Travis Etienne: A Tigers Roar

Back to back 1600 yard rushing yards has put Clemson’s Travis Etienne on the map as one of the best running backs in the nation. Many experts believed that Etienne would declare for the 2020 and be one of the top backs in the class, but decided to go for one more national championship run for the Tigers. He had moments where he looked like the best player on an offense full of NFL caliber talent and scored in all but two games in 2019. He plays more of the Robin to Trevor Lawrence’s Batman and because of that, it allows him to fly under the radar when he is an immensely talented player. While he does have a few things to work on, his draft stock is unlikely to rise too much, but the chance to win a second championship is tough to pass up.


Receiving Ability

Etienne has seen his catch total rise every year, with him totaling 37 in 2019. He does have the advantage of being paired with a skilled quarterback and a spread offense that allows him to get open on short routes. Once he gets the ball in his hands in open space, he is a shifty runner and has great vision that allows him to gain big chunks of yards. He also holds his own for the most part as a pass blocker but will have lapses where he looks average in this department. I think of all of the running backs in this class, he could be the most versatile and dynamic in the passing game.

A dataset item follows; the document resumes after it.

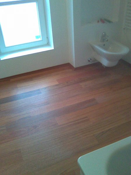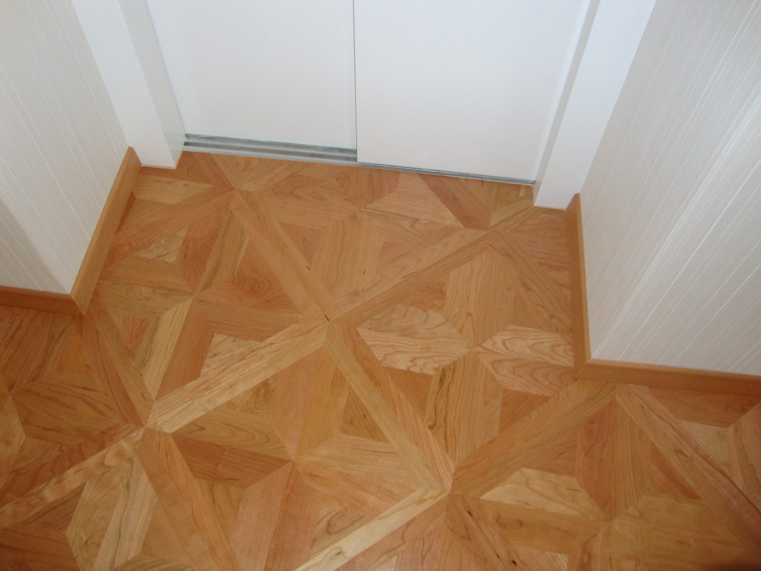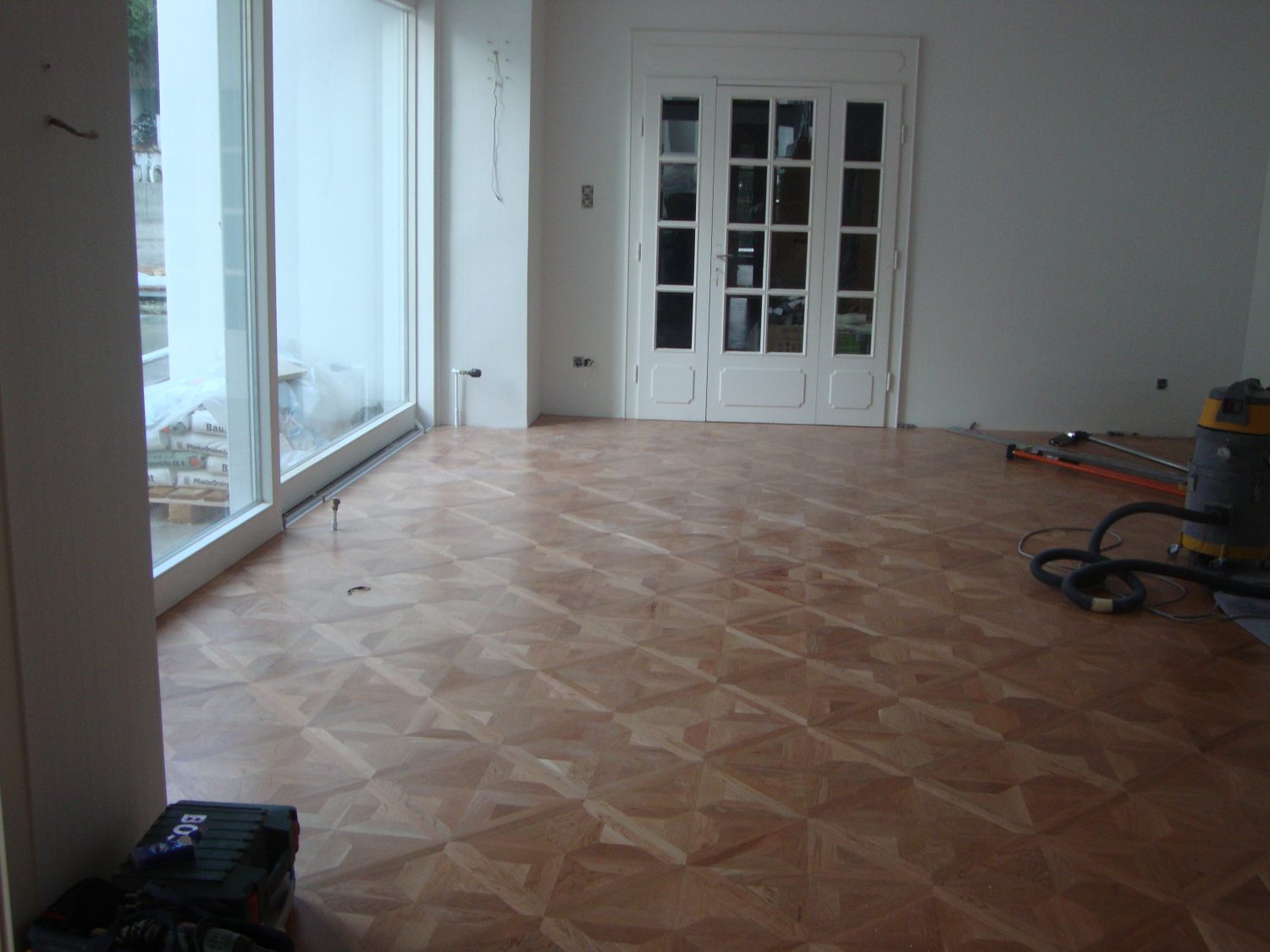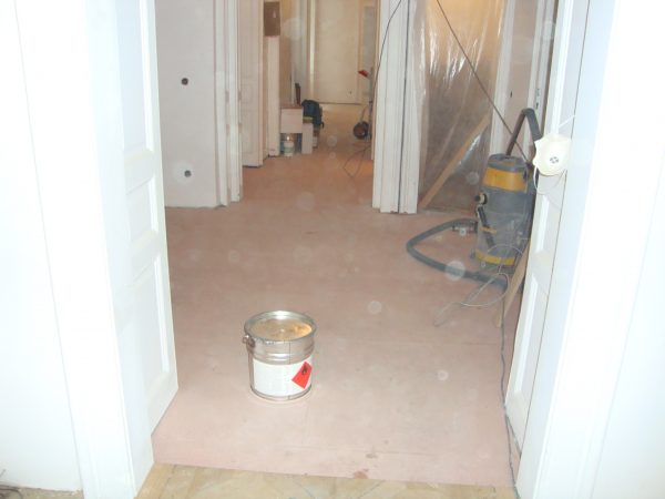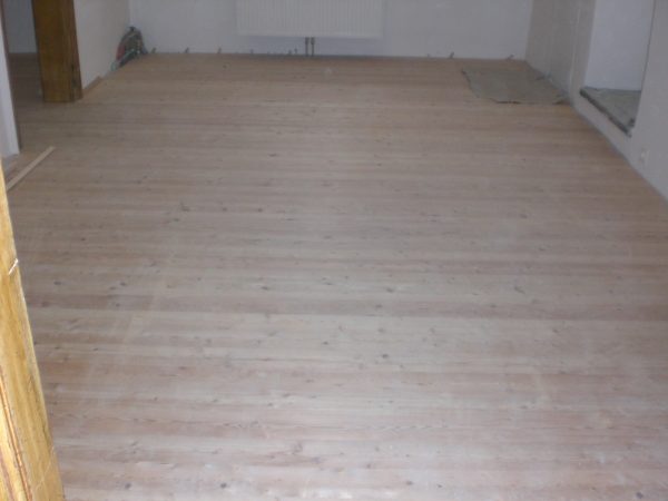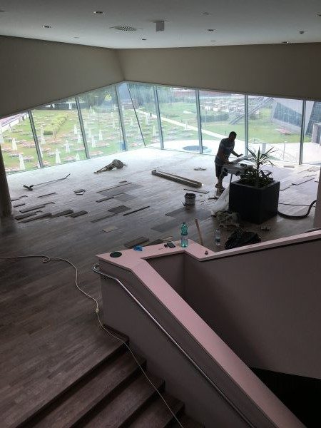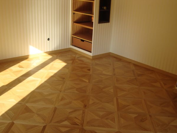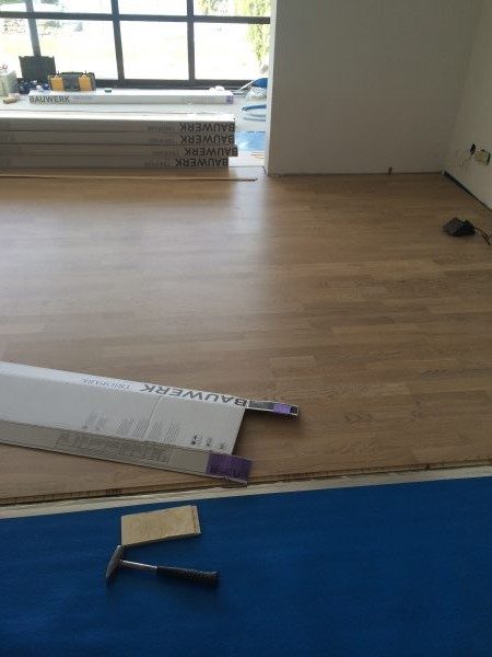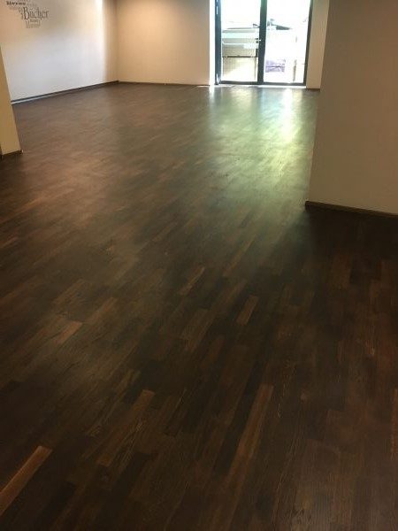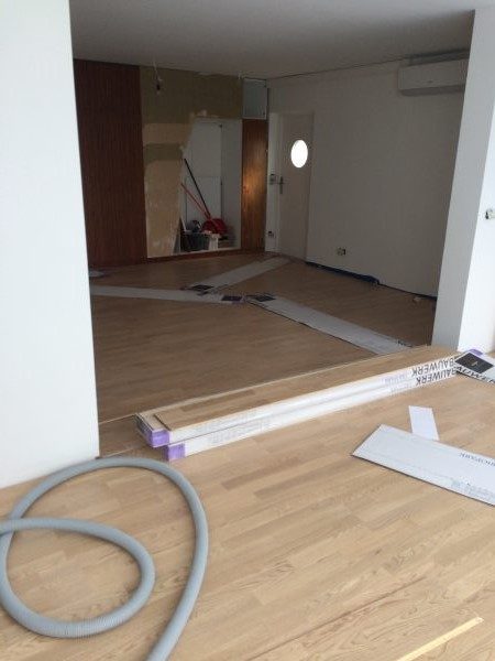 Als Unterkonstruktion wurden ca. 200 m² Verlegeplatten verwendet. Darauf wurde Sternparkett Eiche lackiert sowie Amerikanische Kirsche verlegt und die Sockelleisten montiert.

While I don’t think he has great long speed, his short-area explosion is off the charts. I am looking forward to looking at his five and ten yard splits at the combine as on film it looks like he’s elite in terms of quickness. Most coaches value short term acceleration rather than long speed, so I suspect that Etienne will be highly coveted and RB1 for most teams. He has quick feet and utilizes this to get the edge on outside runs, which makes him able to run any route or succeed on any carry.

Downhill runner/breaking tackles

Coaches at every level say, “Always keep your legs moving” and Etienne is a textbook example of that. He is a tough runner despite not being a “big” back and will rarely go down easy. He’s a downhill, north-south runner who will get you any yards that he can. It seems like many runners are more about finesse nowadays, relying on speed and craftiness rather than running through a defender. In the open field, Etienne is especially hard to bring down because any arm tackle that comes his way will be easily broken.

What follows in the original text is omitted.